- **EXERCISE**:
Transcribe the records below in their entirety, and leave out each image.
- - - - - - -
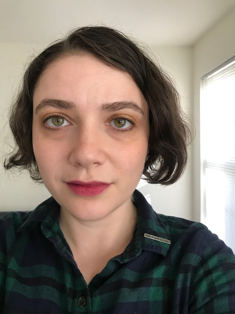 Unsurprisingly, I find Jam more flattering on my cool olive complexion. Here I am wearing three layers:
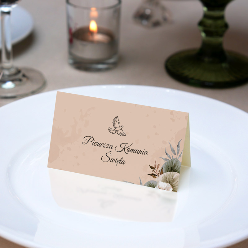 Winietki uniwersalne na komunię KREMOWE KWIATY 10 szt.
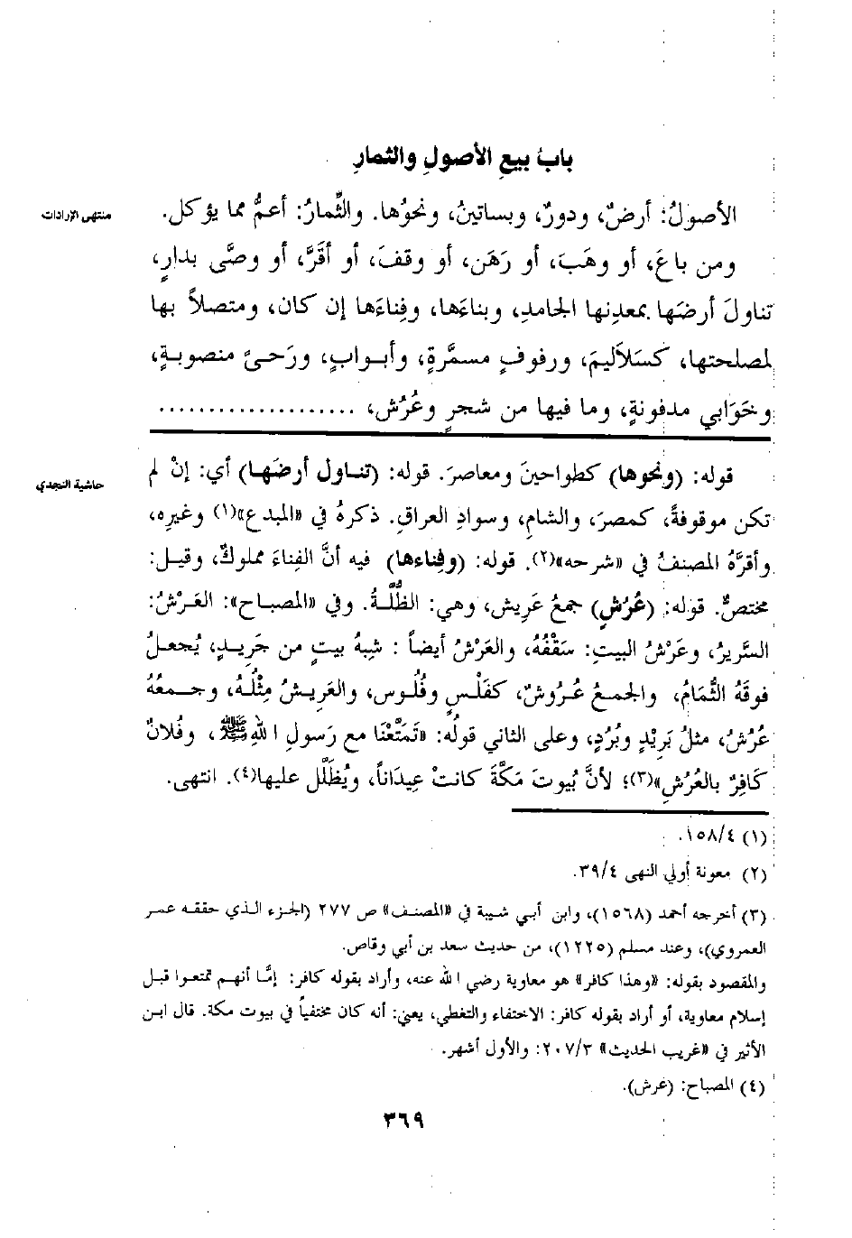 الْأُصُولُ: أَرْضٌ وَدُورٌ وَبَسَاتِينُ وَنَحْوُهَا وَالثِّمَارُ أَعَمُّ مِمَّا يُؤْكَلُ وَمَنْ بَاعَ أَوْ وَهَبَ أَوْ رَهَنَ أَوْ وَقَفَ أَوْ أَقَرَّ أَوْ أَوْصَى بِدَارِ تَنَاوَلَ أَرْضَهَا بِمَعْدَنِهَا الْجَامِدِ وبِنَاءَهَا وفِنَاءَهَا إنْ كَانَ ومُتَّصِلًا بِهَا لِمَصْلَحَتِهَا كَسَلَالِمَ ورُفُوفٍ مُسَمَّرَةٍ وأَبْوَابٍ مَنْصُوبَةٍ ورَحًى مَنْصُوبَةٍ وخَوَابٍ مَدْفُونَةٍ ومَا فِيهَا مِنْ شَجَرٍ وعُرُشٍ
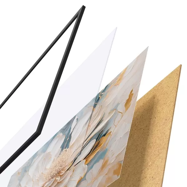 El póster consta de marco, plexiglás, imagen impresa y soporte de aglomerado. El póster puede colgarse inmediatamente en la pared gracias a los soportes de la parte posterior.
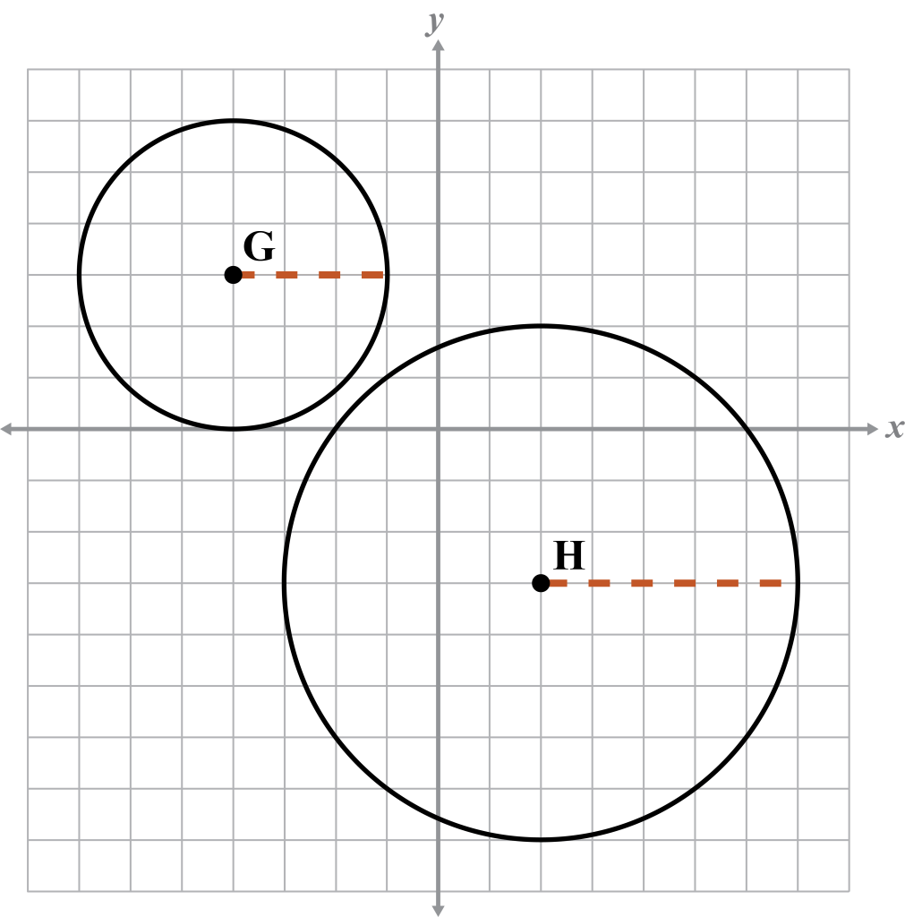 A: Circle G has a diameter of 6. Circle H has a diameter of 10
- - - - - - -
- **YOUR RESPONSE**:
 Unsurprisingly, I find Jam more flattering on my cool olive complexion. Here I am wearing three layers:
 Winietki uniwersalne na komunię KREMOWE KWIATY 10 szt.
 الْأُصُولُ: أَرْضٌ وَدُورٌ وَبَسَاتِينُ وَنَحْوُهَا وَالثِّمَارُ أَعَمُّ مِمَّا يُؤْكَلُ وَمَنْ بَاعَ أَوْ وَهَبَ أَوْ رَهَنَ أَوْ وَقَفَ أَوْ أَقَرَّ أَوْ أَوْصَى بِدَارِ تَنَاوَلَ أَرْضَهَا بِمَعْدَنِهَا الْجَامِدِ وبِنَاءَهَا وفِنَاءَهَا إنْ كَانَ ومُتَّصِلًا بِهَا لِمَصْلَحَتِهَا كَسَلَالِمَ ورُفُوفٍ مُسَمَّرَةٍ وأَبْوَابٍ مَنْصُوبَةٍ ورَحًى مَنْصُوبَةٍ وخَوَابٍ مَدْفُونَةٍ ومَا فِيهَا مِنْ شَجَرٍ وعُرُشٍ
 El póster consta de marco, plexiglás, imagen impresa y soporte de aglomerado. El póster puede colgarse inmediatamente en la pared gracias a los soportes de la parte posterior.
 A: Circle G has a diameter of 6. Circle H has a diameter of 10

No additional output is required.